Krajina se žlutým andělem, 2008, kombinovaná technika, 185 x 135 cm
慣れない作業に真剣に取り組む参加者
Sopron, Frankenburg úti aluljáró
=====
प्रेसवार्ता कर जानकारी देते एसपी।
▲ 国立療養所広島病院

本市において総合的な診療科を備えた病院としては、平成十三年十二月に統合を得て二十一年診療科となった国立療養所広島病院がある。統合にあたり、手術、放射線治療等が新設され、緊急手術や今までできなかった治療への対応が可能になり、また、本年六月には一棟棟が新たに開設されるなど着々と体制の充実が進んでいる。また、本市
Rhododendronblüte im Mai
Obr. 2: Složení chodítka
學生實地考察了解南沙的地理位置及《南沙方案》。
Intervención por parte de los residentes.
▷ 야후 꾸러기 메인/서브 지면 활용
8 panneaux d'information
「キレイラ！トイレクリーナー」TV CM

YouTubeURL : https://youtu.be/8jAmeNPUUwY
=====
The lines above, starting at the one with "Krajina se žlutým" and ending at the one with "Sopron, Frankenburg úti aluljáró", are the only ones to return, exactly as written.

- EXERCISE RESPONSE -
Krajina se žlutým andělem, 2008, kombinovaná technika, 185 x 135 cm
慣れない作業に真剣に取り組む参加者
Sopron, Frankenburg úti aluljáró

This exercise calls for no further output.